● **GOAL OF THE EXERCISE**: The result should hold only the lines from the one with "15. Long Wavy Hairstyle with Full Bangs" through the final line of the data below, transcribed exactly, pictures left out.

● **RECORDED INFORMATION**:
____
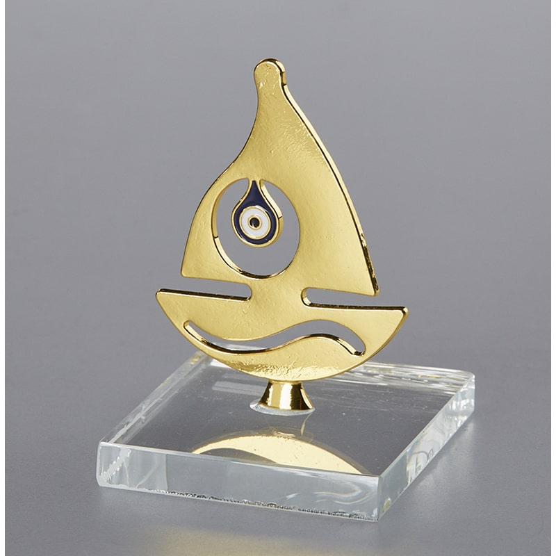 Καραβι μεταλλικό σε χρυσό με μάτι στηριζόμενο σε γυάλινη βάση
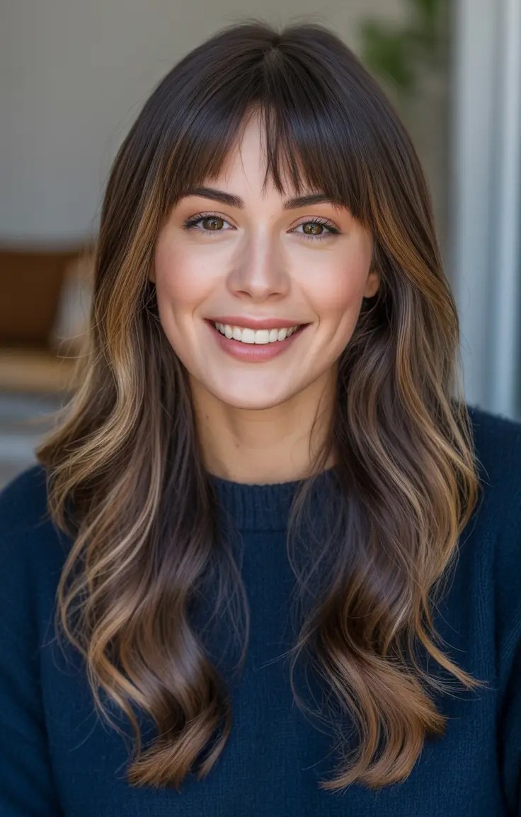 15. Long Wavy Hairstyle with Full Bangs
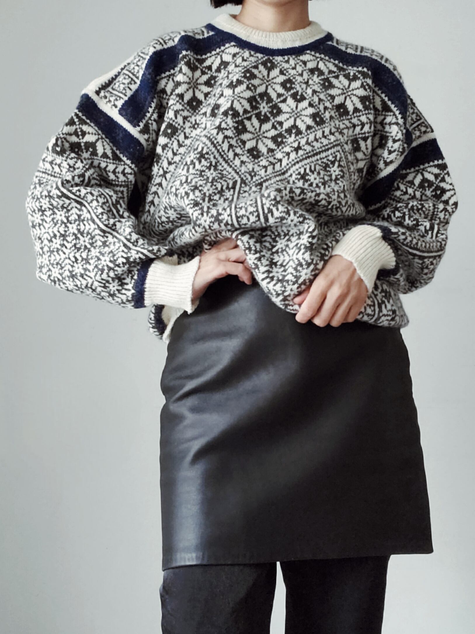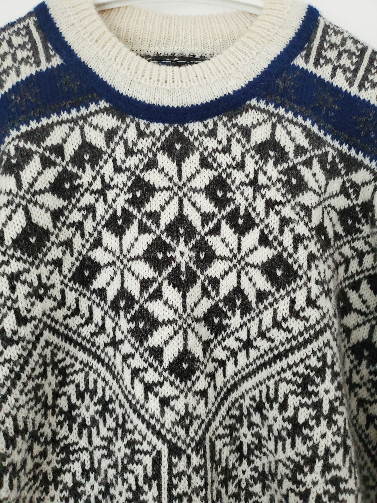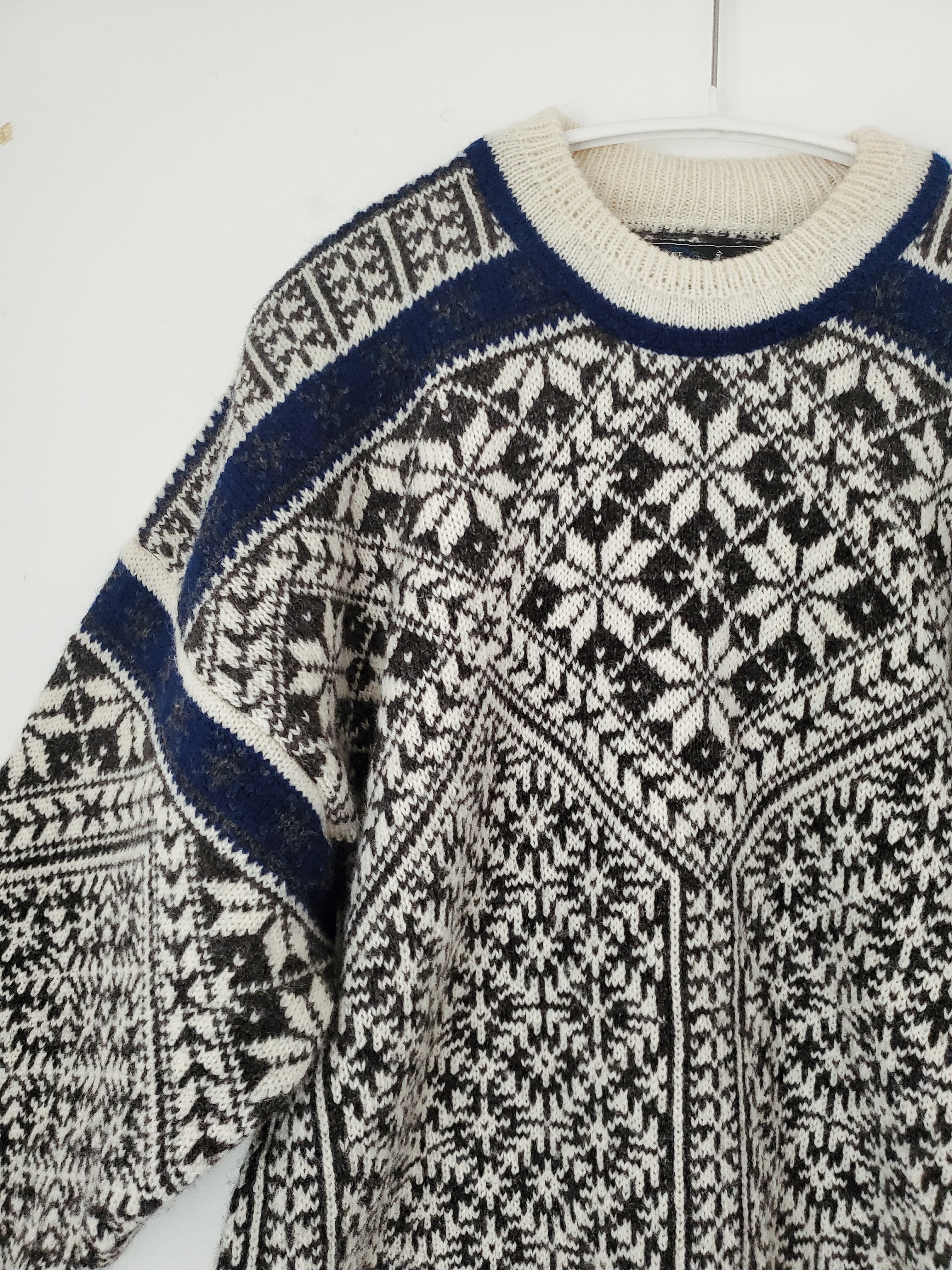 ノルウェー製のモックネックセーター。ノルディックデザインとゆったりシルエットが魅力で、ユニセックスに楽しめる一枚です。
____
● **TASK ANSWER**:
 15. Long Wavy Hairstyle with Full Bangs
 ノルウェー製のモックネックセーター。ノルディックデザインとゆったりシルエットが魅力で、ユニセックスに楽しめる一枚です。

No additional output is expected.